- [Problem requirements] Where a line contains "Ronny Aldehag, Båten", begin there and restate word for word every line to the end of the entries below, pictures excluded.

- [Source data]
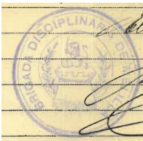
Lámina 2. Brigada Disciplinaria de Melilla 1922
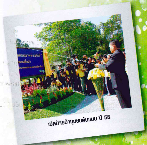
เปิดป่าชุมชนต้นแบบ ปี 58

แหล่งข้อมูล ; เอกสาร “60 ป่าชุมชน... ต้องห้ามพลาด” สำนักจัดการป่าชุมชน กรมป่าไม้
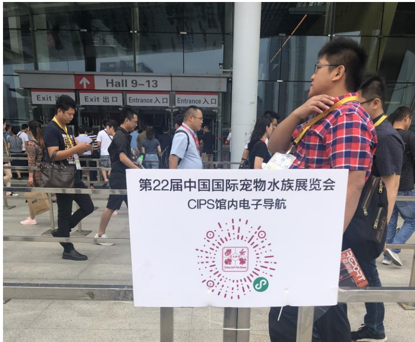
圖七、CIPS 展入口處備有 QRCall 電子導航
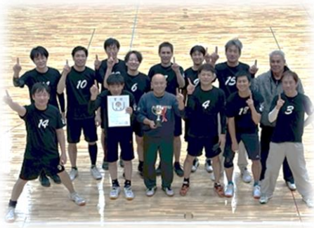
【オール鯉田キャットフィッシュ】
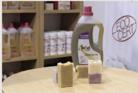
Jabones y detergentes con certificación ecológica.

¿El uso de detergentes convencionales puede tener consecuencias negativas sobre nuestra salud? Los detergentes convencionales contienen en sus fórmulas una serie de ingredientes que pueden causar diferentes tipos de problemas para la salud. Estar expuestos a estos ingredientes de manera directa, a la hora de poner la lavadora, e indirecta, a través de los residuos que quedan en los tejidos después del lavado. Todo ello nos puede causar enfermedades en la piel como la dermatitis irritante, enfermedades ambientales como la sensibilidad química múltiple o fibromialgia. Por último y más preocupante en 2013 la OMS catalogó a los alquilfenoles y nonilfenoles que se usan en la fabricación de tenso-activos utilizados en la fabricación de detergentes convencionales como disruptores endocrinos. Estas sustancias están relacionadas directamente con enfermedades del sistema endocrino como diabetes, obesidad, malformaciones e incluso cierto tipo de cánceres hormono dependientes: de mama, ovario, endometrio, próstata, testículo y tiroides.
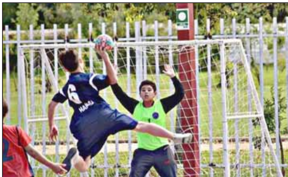
Este año 2019 la Escuela 21 de Mayo ya comienza a ejecutar los talleres deportivos para sus alumnos.

«Hoy en día requerimos que nuestros estudiantes y todas las personas que trabajamos en la comunidad educativa de la Escuela 21 de Mayo, tengan la posibilidad de ampliar la mirada
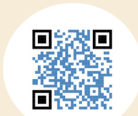
JJOO PARIS 2024
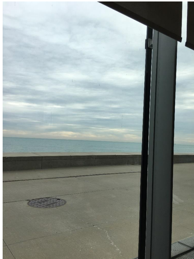
Vue sur le lac Michigan depuis la salle de lecture
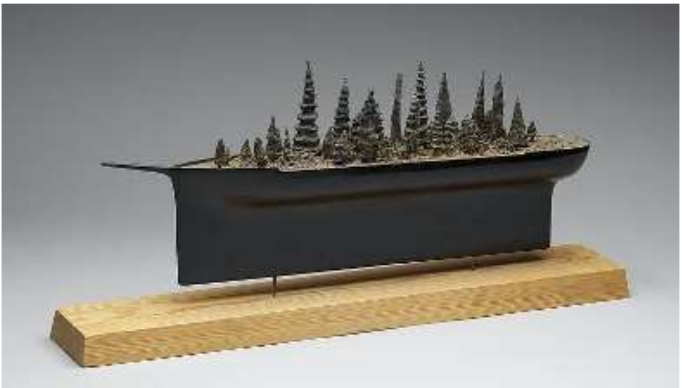
Ronny Aldehag, Båten , blandteknik 1974, 4 x 12 x 69 cm. Moderna Museet (NMSK 2186)
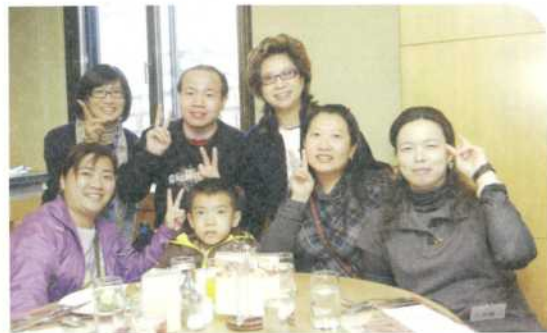
▲特別北上參加的南部志工
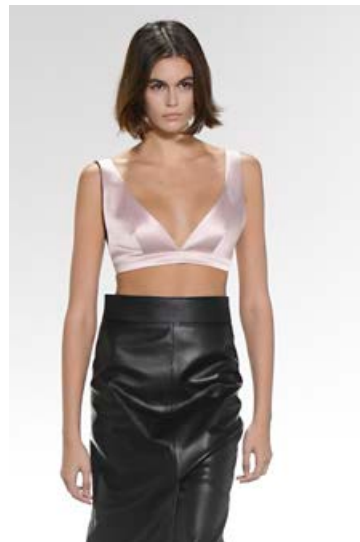
Hér á sýningarpallinum í París fyrir Givenchy, vor- og sumartískan 2020.

Cindy segist hafa kennt dóttur sinni eitt og annað um fyrirsætuheiminn en á móti hafi dóttir
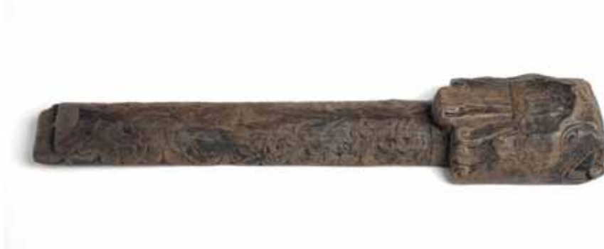
Figur 4. Det vackra pennskrinlock i Winchesterstil som påträffades strax söder om nuvarande Kattesund.
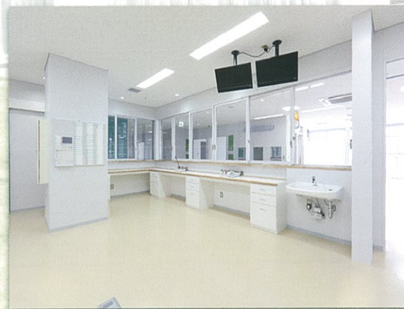
1F ナースステーション

- [Task response]
Ronny Aldehag, Båten , blandteknik 1974, 4 x 12 x 69 cm. Moderna Museet (NMSK 2186)
▲特別北上參加的南部志工
Hér á sýningarpallinum í París fyrir Givenchy, vor- og sumartískan 2020.

Cindy segist hafa kennt dóttur sinni eitt og annað um fyrirsætuheiminn en á móti hafi dóttir
Figur 4. Det vackra pennskrinlock i Winchesterstil som påträffades strax söder om nuvarande Kattesund.
1F ナースステーション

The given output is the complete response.